This approach assumes that there is a uniform response of SCC to any intramammary-infecting bacteria and does not account for different intensities and patterns of inflammatory reaction that are pathogen-related, nor for the success in actually mitigating infections (bacterial cure) and does not account for incidence frequency of mastitis. Increased SCC usually reflects a mammary immune response to an intramammary infection and thus it is used as a proxy for udder health and a qualitative measurement included in indexes for breeding programs. In fact, however, actual assessment of udder health cannot be limited to simple SCC measurement because the physiological, immunological, and inflammatory response in the mammary gland is strongly pathogen and time related. Generally, Gram-negative species elicit clinical mastitis, with a strong polymorphonuclear response that is often successful in eliminating the infection within a short time. This could be regarded as a “positive” immune response, which normally ends up with bacterial clearance and return to a physiological state. In these cases, SCC level may remain considerably higher than normal for 10–50 days [18], which would then be recorded in one to two monthly milk recordings with a large effect on LSCS. On the other hand, mastitis caused by many Gram-positive bacteria tends to be subclinical and to become chronic, while the immune system fails to mitigate the infection, and SCC remains moderately high over time.

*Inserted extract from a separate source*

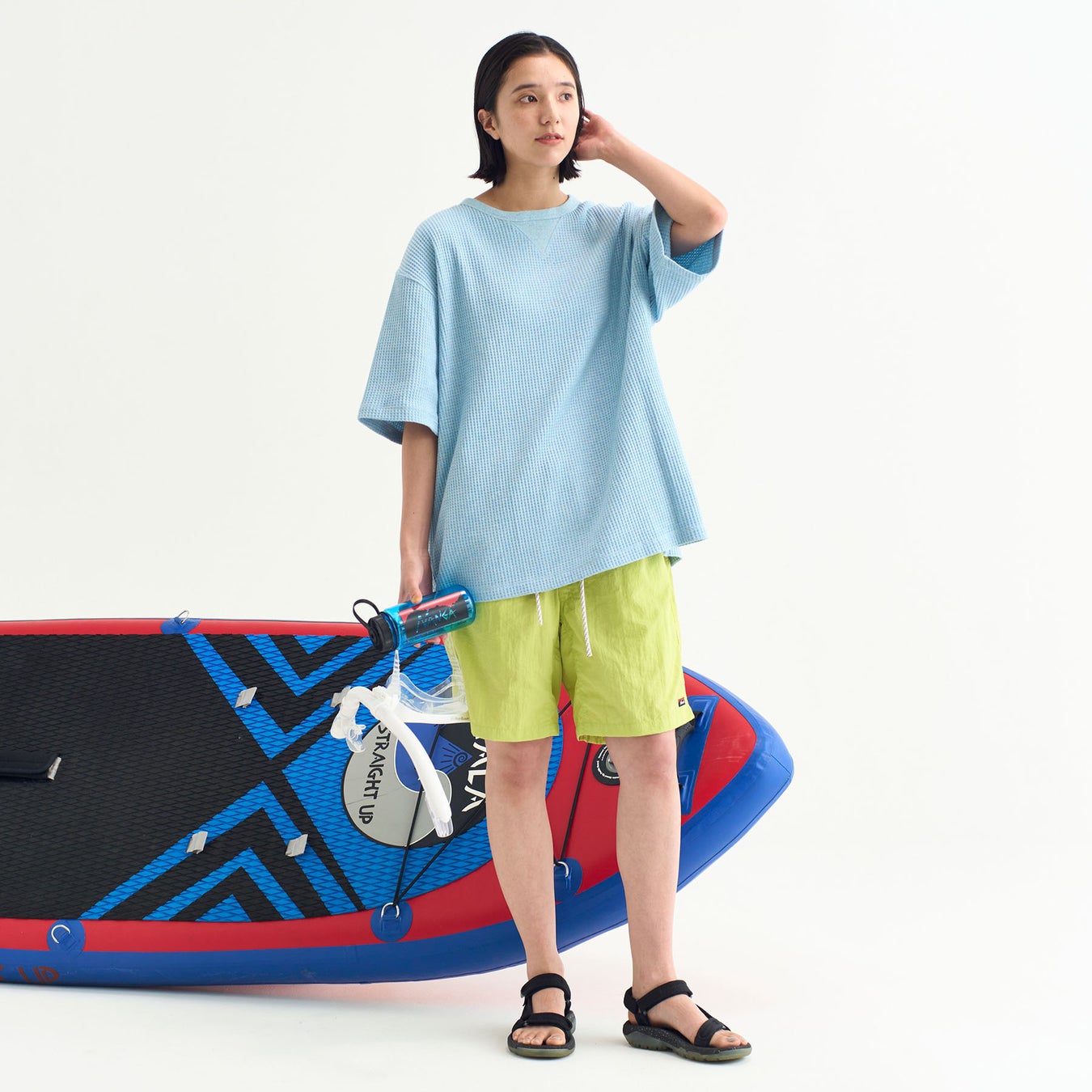 撥水加工を施したナイロンタッサー生地を用いたイージーショーツから新色が登場。街ではもちろんのこと、スイムショーツとしても着用できる1枚となっている。同素材のシャツとセットアップで着用するのもおすすめ。

This could be regarded as a “negative” response because the immune response failure in clearing the infection is associated with lower milk yield and quality, and yet, because SCC is only moderately increased and for a longer period, LSCS is affected at a lower magnitude than it would be with clinical mastitis. Even though in dairy herds, chronic mastitis cases exceed clinical ones and have a higher accumulative effect on udder health and milk production, these are overlooked when using the current LSCS-based selection methods alone. To differentiate between a “positive” and a “negative” immune response, LSCS should not stand alone as a trait and should be accompanied by time span of SCC elevation. Moreover, the actual prevention of bacterial penetration into the mammary gland is also the utmost desired characteristic, which can also influence overall incidence of mastitis and the level of udder health. This comprises anatomical, physiological, and immunological cow traits.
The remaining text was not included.